A majority of Perpetua’s directors are independent under Nasdaq, SEC and Canadian securities standards. All members of the Audit, Compensation, and Corporate Governance and Nominating Committees are independent, while the CEO, Jonathan Cherry, is the sole non-independent director due to his management role.

What governance protections does Perpetua Resources (PPTA) provide for director elections?
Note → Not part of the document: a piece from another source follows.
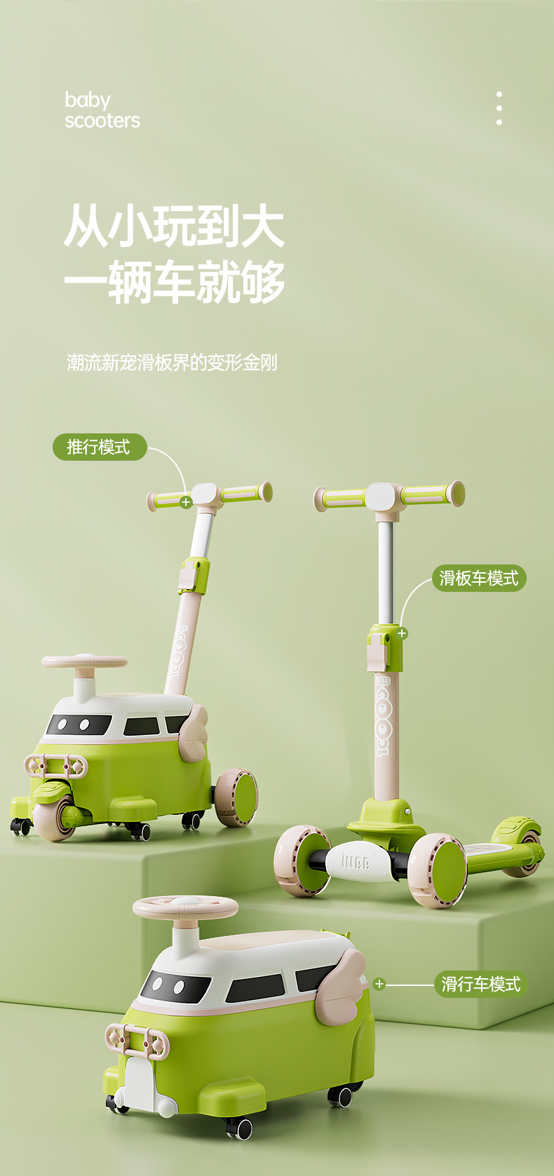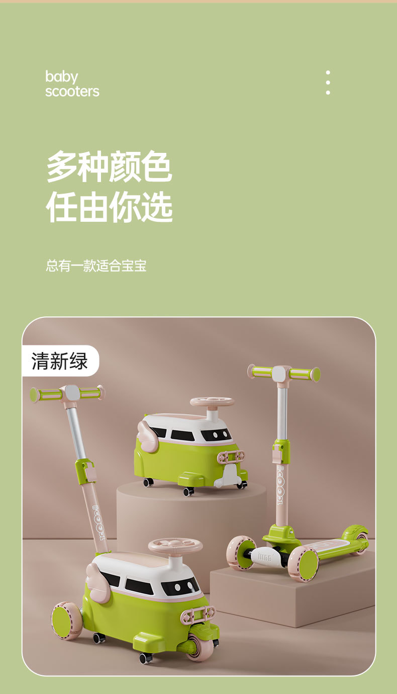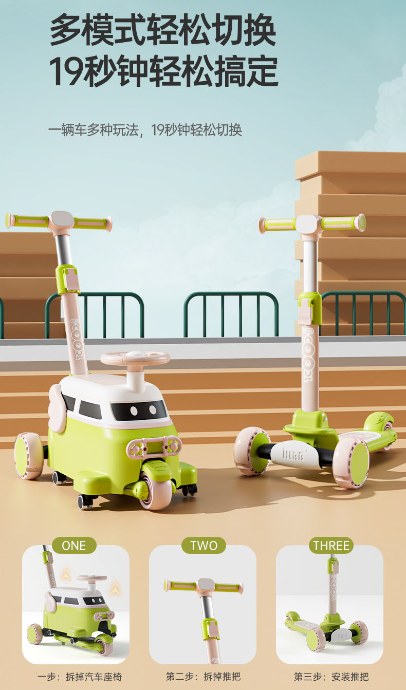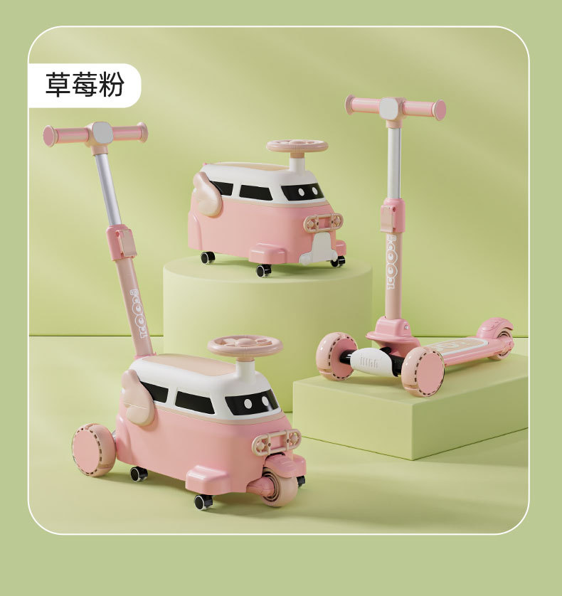 【暮夕粉/油果绿/深海蓝-滑行车】+大储物箱+万向轮,【滑板车】+稳静音闪光轮+一件折叠+升降调节,【三合一】+[溜溜车+滑板车+手推车]

Perpetua uses a majority voting policy. In uncontested elections, any director receiving more withheld than for votes must offer to resign. The Corporate Governance and Nominating Committee reviews the situation and the Board decides within 90 days, then promptly discloses its decision via news release.

What ESG and safety results did Perpetua Resources (PPTA) report for 2025?

Perpetua reported zero reportable spills in 2025, extending a record of 166 months without such incidents, and zero lost-time safety incidents for 121 months. The company uses on-site solar power, continues legacy waste cleanup at Stibnite and conducts community outreach, site tours and classroom STEM engagement.

How are non-employee directors of Perpetua Resources (PPTA) compensated and aligned with shareholders?

Non-employee directors receive cash retainers plus additional committee and chair fees, often taken as deferred share units. For 2025, typical total compensation ranged around $59,000–$78,000. Directors must hold shares equal to three times their annual cash retainer, with compliance required within five years.